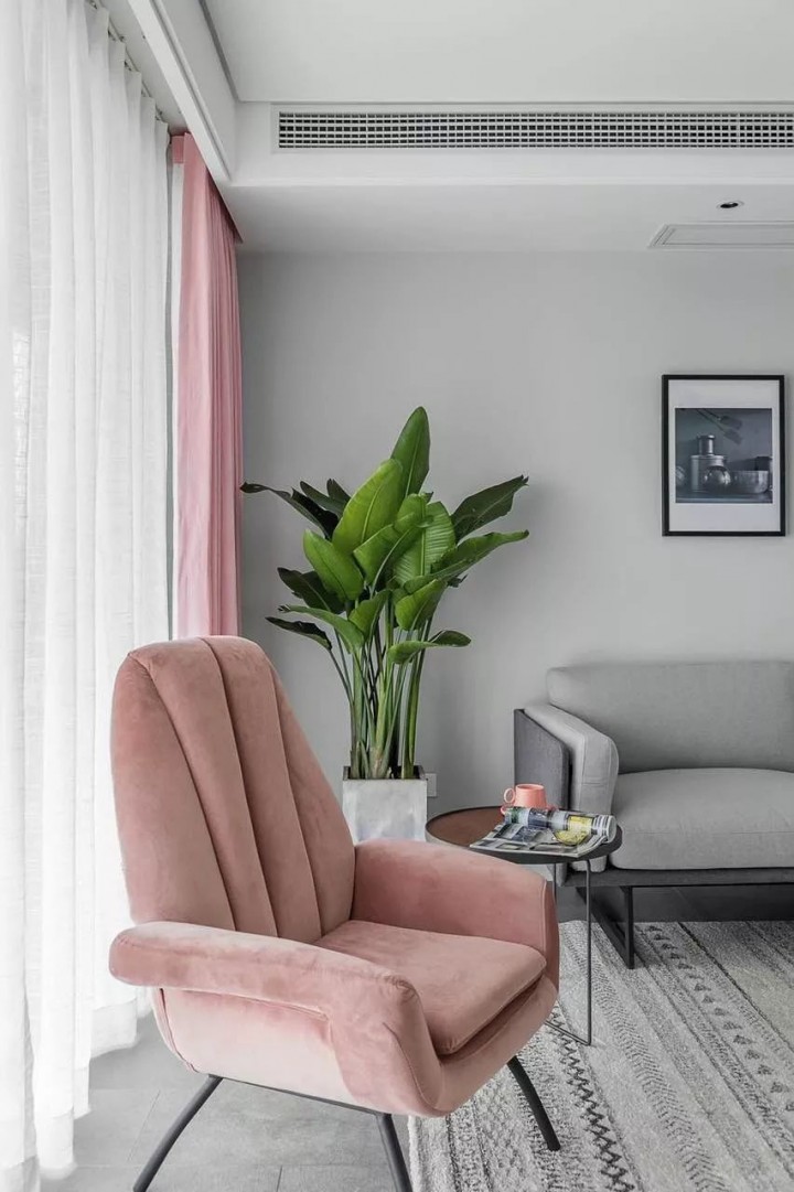 窗簾的粉紅既不花哨又不會單調無趣,且與灰色沙發、木紋茶幾融成一個十分和諧的視覺整體。
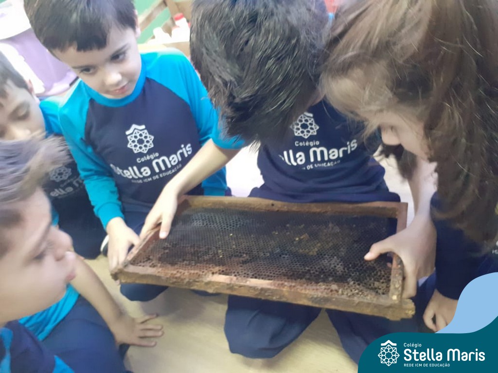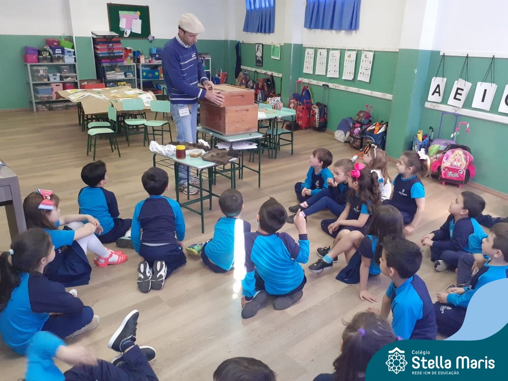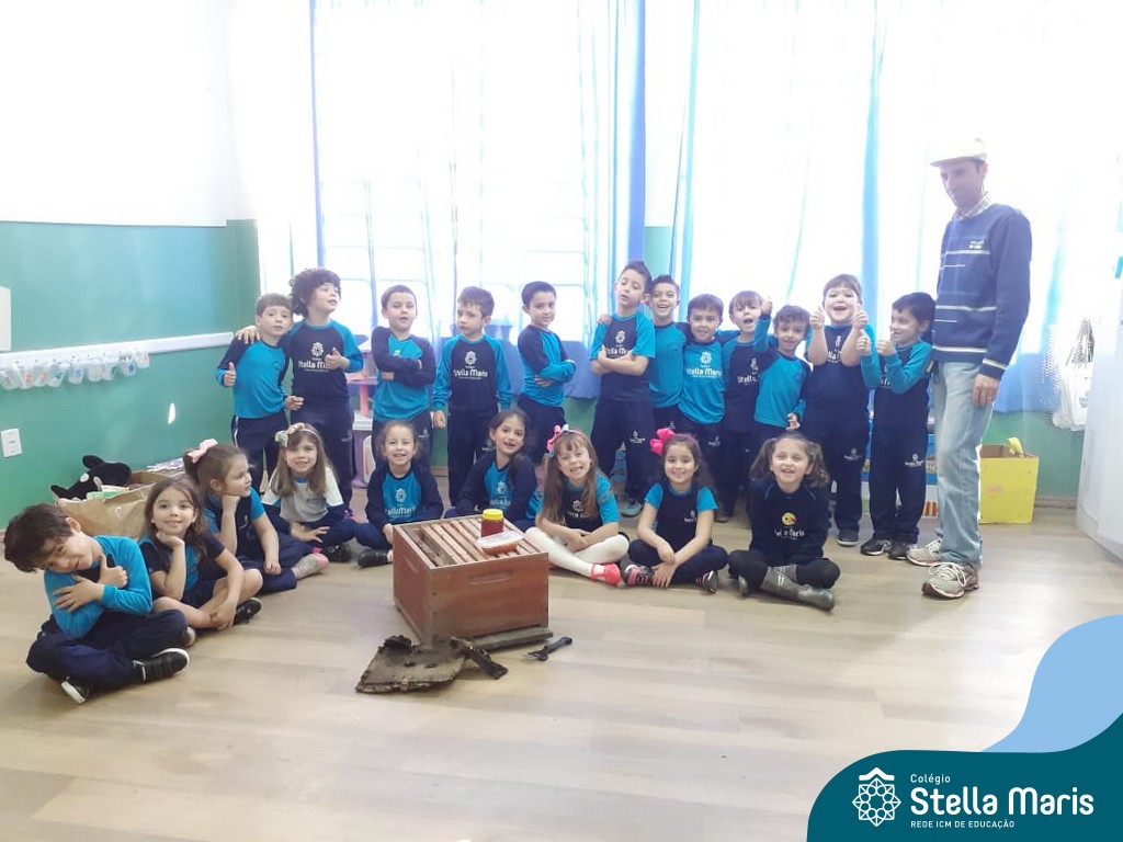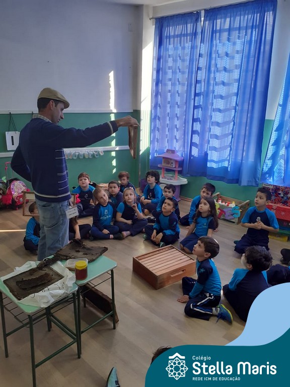 A turma do Pré 2B está com o projeto Abelhas: sua vida e produtividade. Para contribuir com nossas aprendizagens sobre esse inseto tão importante para a vida do ser humano e do mundo, o Alex, pai do estudante Nicollas, trouxe até nossa sala uma caixa coletora de mel. Ele nos ensinou como as abelhas se organizam e o processo para a produção do mel.
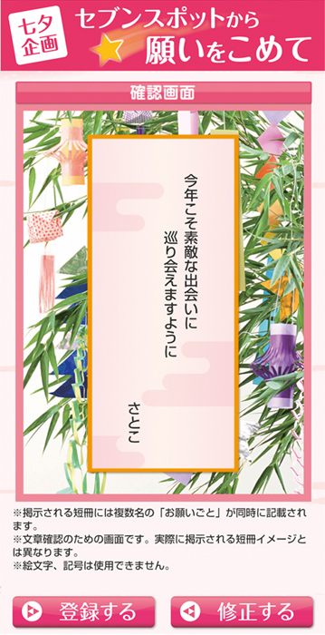 短冊に願いごとを託すのはご利益ありそうだけど、私は神社にひとりで行くのがちょっと照れくさいな……という人には嬉しいサービス。神社まで行く時間がない……という人も、近くのセブン-イレブンで投稿できるので便利ですよ!
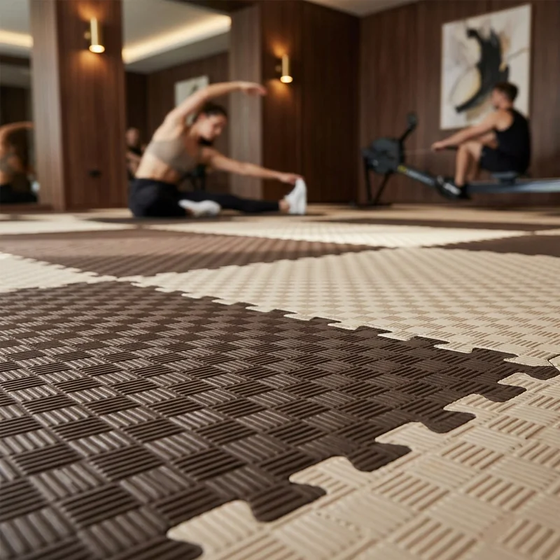- Utilizado también con diversas limitaciones para fitness y Wellness en gimnasios y salas polivalentes o multifuncionales mixtas para hacer actividades recreativas de ejercicio físico ejemplo aerobic, pilates, spinning, cardio, step, yoga, body balance, ejercicios de suelo, estiramientos, flexibilidad, gimnasia o mantenimiento. La normativa de estos materiales UNE-EN ISO 9239-1 prioriza la certificación ignífuga y la absorción de ruidos y vibraciones, y no regula la absorción de caídas de una persona. En estas actividades se hace necesario un suelo semirígido como las losetas de caucho o suelo vinílico deportivo.
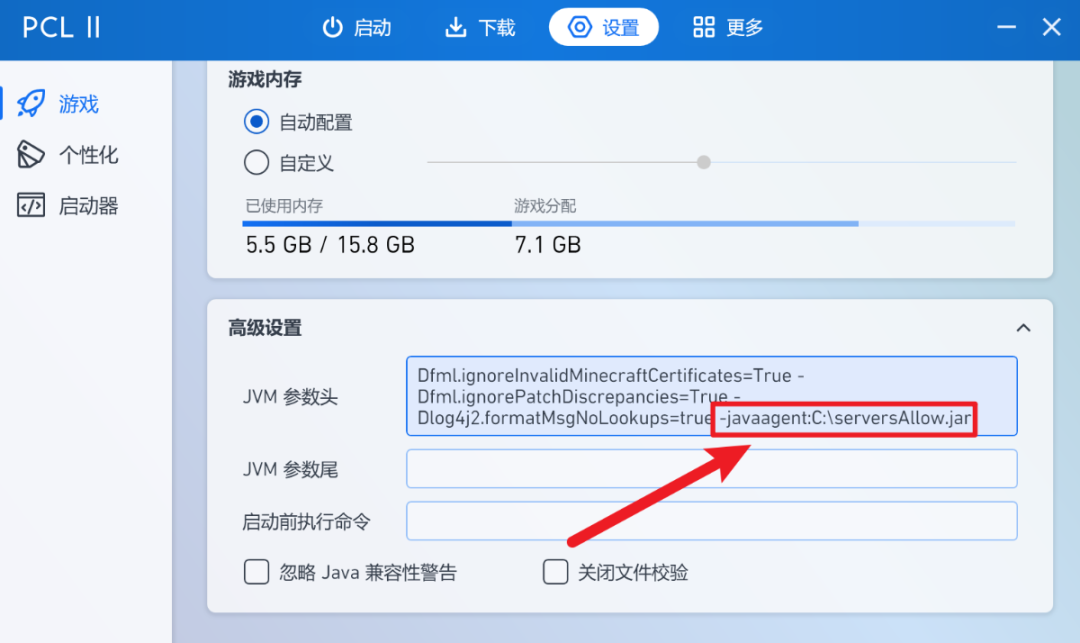 启动器命令行参数里加上这行:
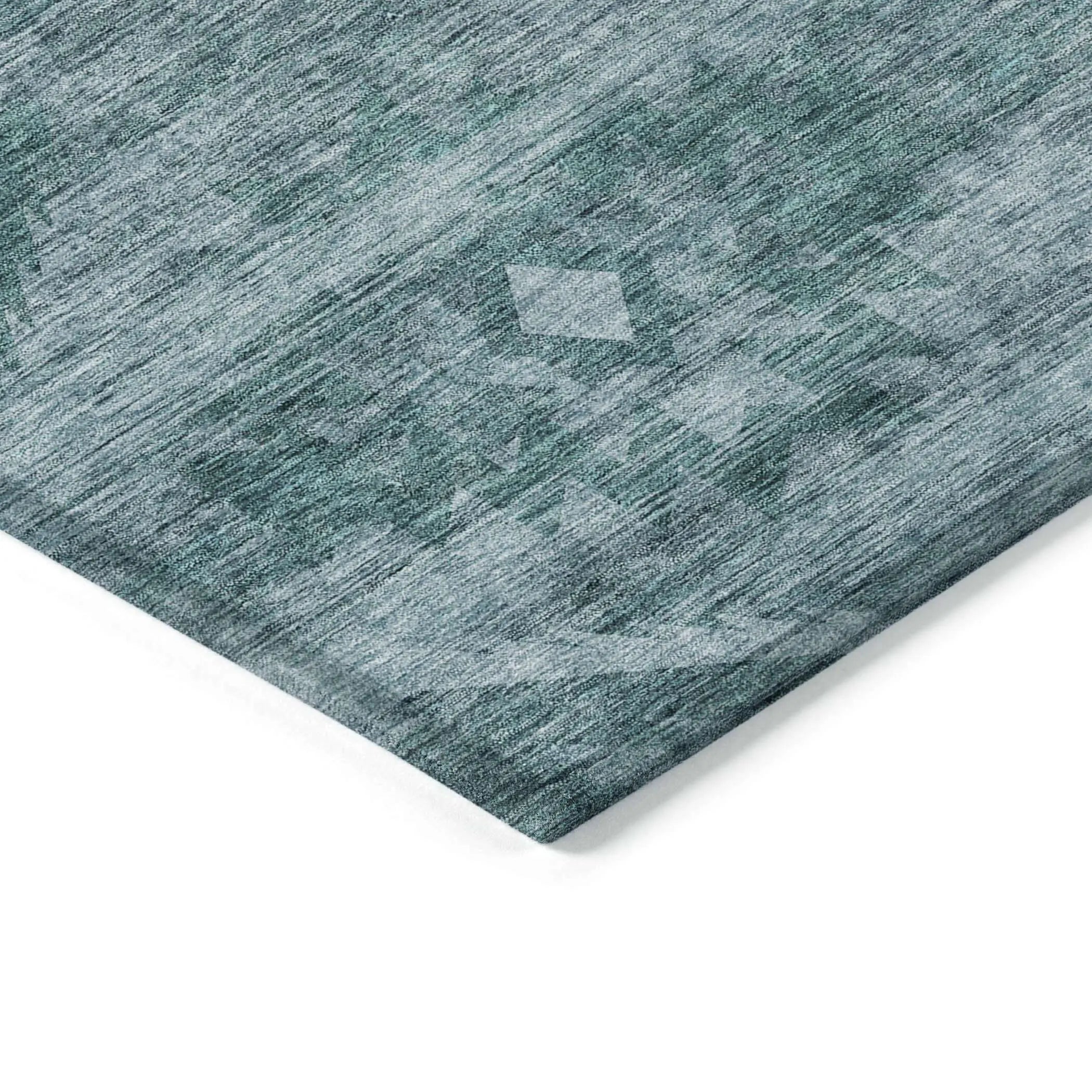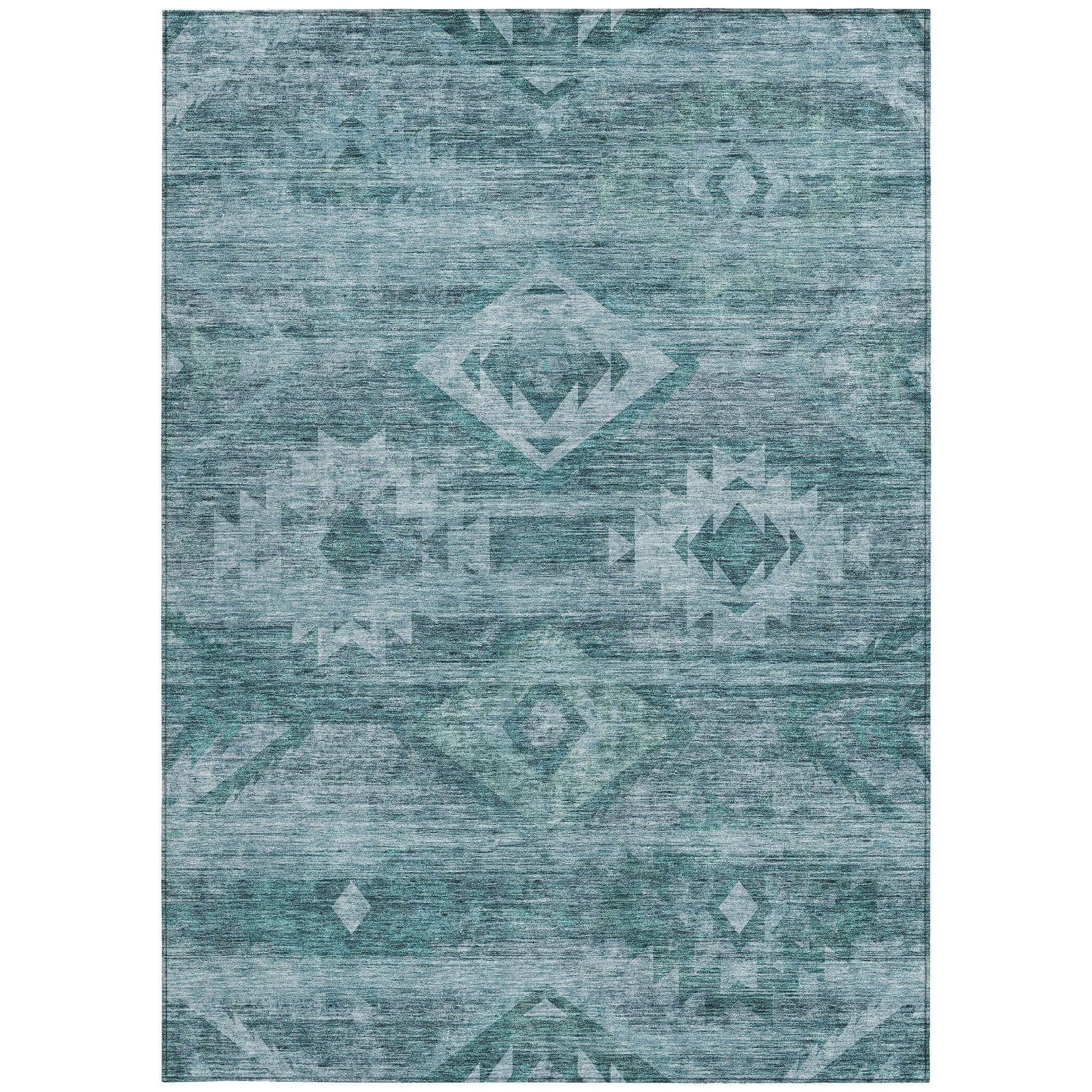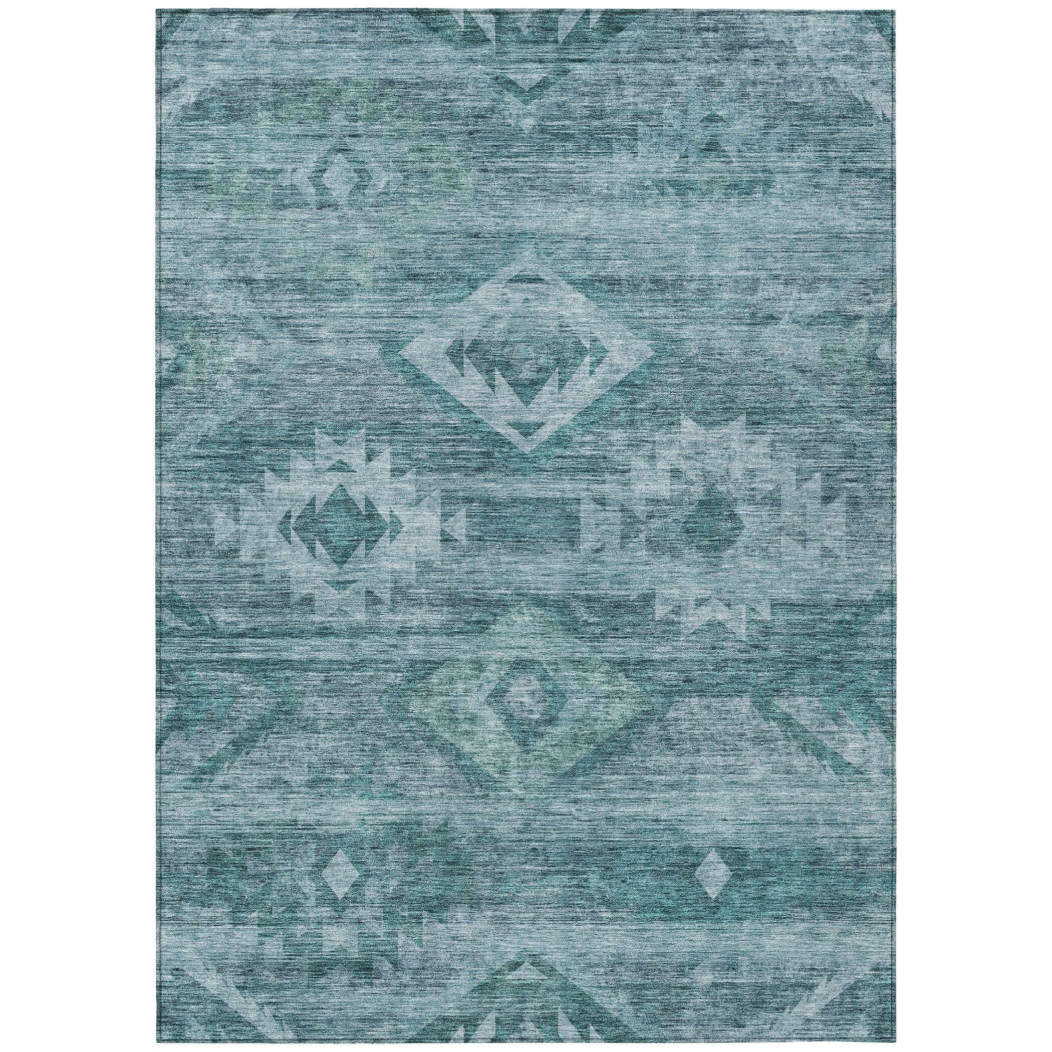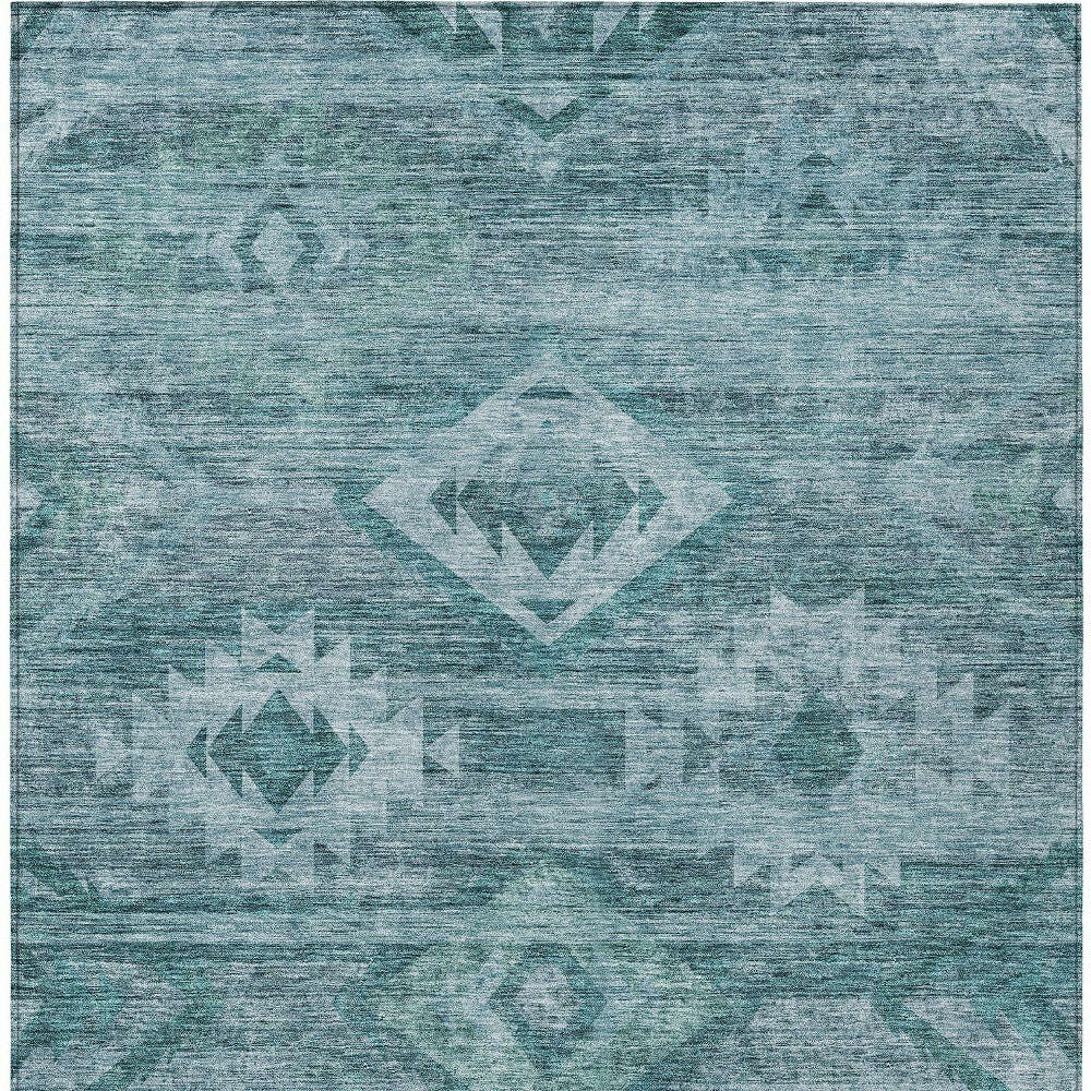 10' X 14' Teal Blue And Aqua Southwestern Washable Indoor Outdoor Area Rug

++++++++++++++++++++

About this task
With the pictures left out, restate word for word every line of the data above, from the first down to the line that contains "A turma do Pré".

Task answer
 窗簾的粉紅既不花哨又不會單調無趣,且與灰色沙發、木紋茶幾融成一個十分和諧的視覺整體。
 A turma do Pré 2B está com o projeto Abelhas: sua vida e produtividade. Para contribuir com nossas aprendizagens sobre esse inseto tão importante para a vida do ser humano e do mundo, o Alex, pai do estudante Nicollas, trouxe até nossa sala uma caixa coletora de mel. Ele nos ensinou como as abelhas se organizam e o processo para a produção do mel.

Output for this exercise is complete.